Para nadie es ajeno que por los resultados que produce, la violencia es un gran instrumento mediático; el morbo que provoca el llamado “gancho de sangre” ha llevado a muchos medios de comunicación a cultivarlo y emplearlo como modus vivendi y por ello durante años -si no es que décadas-; lo han mantenido y fortalecido a tal grado que algunos de ellos han llegado a dedicarle casi la totalidad de sus espacios; basta encender la TV para constatarlo. Así, la violencia ha dejado de ser tema de especialistas o comunicadores de nota roja o amarilla para convertirse en vox populi. Todos hablan de ella, refieren anécdotas propias o ajenas, se convierten en jueces penales o criminólogos.
Desde hace tiempo es más conocido el nombre de los grandes exponentes de la violencia y quienes deberían encargarse de combatirla que de muchos personajes de nuestra historia; pero pocos saben qué es, quién la crea y la alimenta, por qué y cómo opera, para qué, para quién y cómo afecta a la vida democrática y al tan invocado Estado de Derecho. Quizá por ello, todos, de una forma u otra, en mayor o menor medida y sin perjuicio de la notoria inacción gubernamental, tengamos algo que ver en el creciente posicionamiento del tema.
Al igual que la seguridad, la violencia es ante todo una percepción. Lo preocupante es que esta ha permeado profundamente en muchas democracias contemporáneas incluyendo la nuestra.

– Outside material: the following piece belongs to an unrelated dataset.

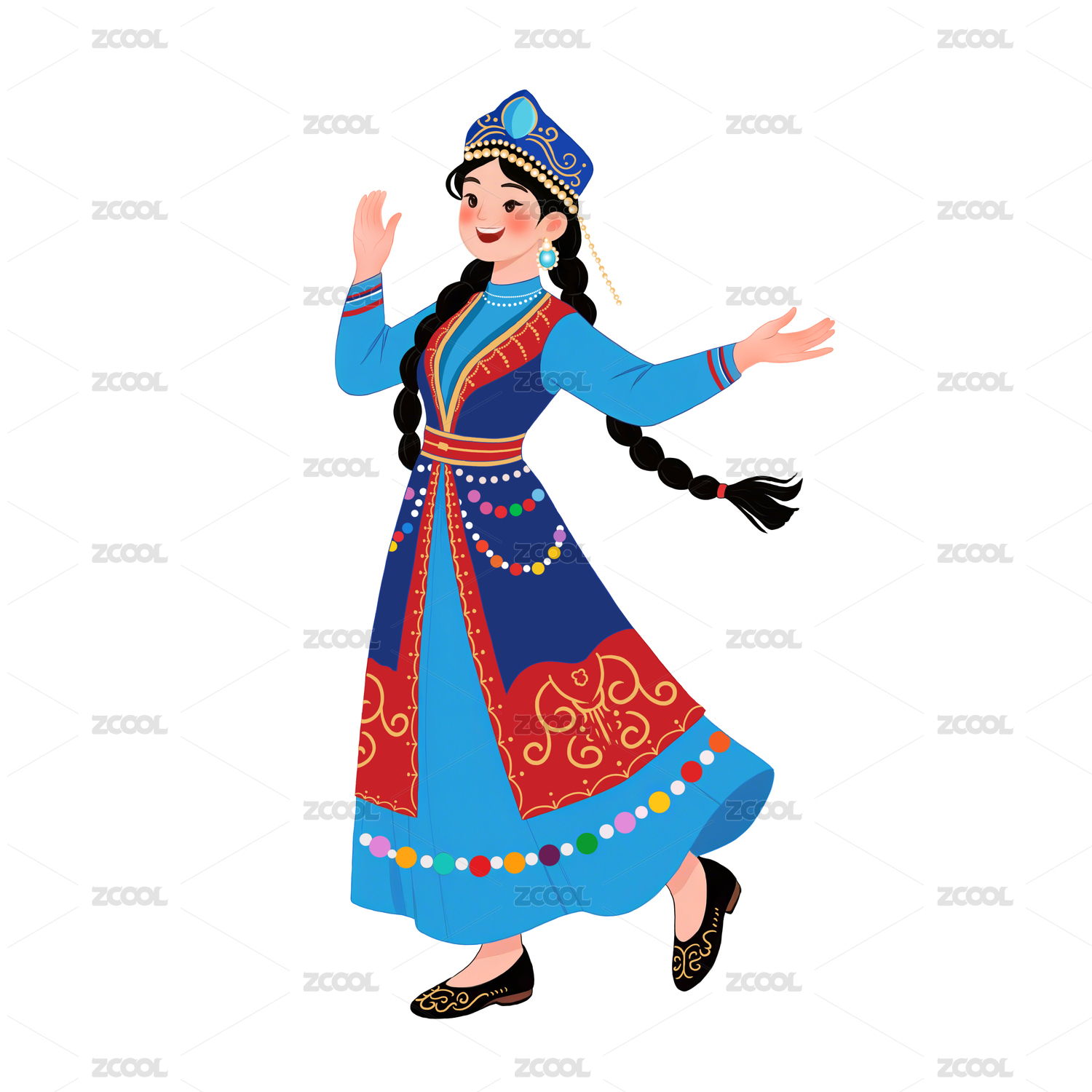 秋季丰收民族藏族女孩卡通可爱儿童插画人物

Ahora parece que un candidato, un partido o un gobierno es más popular ya no por sus propuestas de solución a los problemas sociales, económicos o políticos sino en la medida en que su discurso se torna violento hacia sus opositores, hacia las instituciones y los gobiernos, constituidos o precedentes.
Esto lo hemos visto y seguiremos viendo en los procesos electorales por venir, ya sea en las declaraciones de los candidatos ante los medios como en sus “debates” y cómo serán mejor calificados no en la medida en que sean capaces de ofrecer soluciones convincentes a los problemas comunes, sino mientras más insultos profieran a sus contendientes, convirtiendo el intercambio y discusión de visiones de gobierno en temas trascendentales para el desarrollo, en una simple, llana y triste guerra de lodo, que nos mete en un ciclo autodestructivo y nos lleva a un callejón sin salida y aquí surge una pregunta doble: ¿Es posible avanzar en democracia ante tal escenario? ¿Será posible superarlo, pasar de la razón de la fuerza a la fuerza de la razón, sin más crueldad, sin más violencia, sin más ineptitud, sin derramar más sangre?
En México, la vinculación de la violencia a la democracia ha modificado negativamente la estructura, conducta e imagen del país tanto al interior como al exterior y por ende trastoca la planeación, diseño y operación de la política pública y la gobernanza a todos los ámbitos de gobierno.
Parece paradójico que la violencia en la opinión pública sea un tema de mayor preocupación al desarrollo y que contradictoriamente exista poco interés o una especie de “autocensura” para estudiar y comprender con objetividad su naturaleza y características, causas y consecuencias, así como su obligada vinculación con la democracia y el Estado Constitucional, a fin de buscar y ofrecer opciones viables para su solución, lo que hasta el momento no ha sucedido y por desgracia no vemos cómo podrá suceder, tomando en consideración la visión, el discurso y la inacción vista hasta el momento por parte de autoridades, candidatos y medios.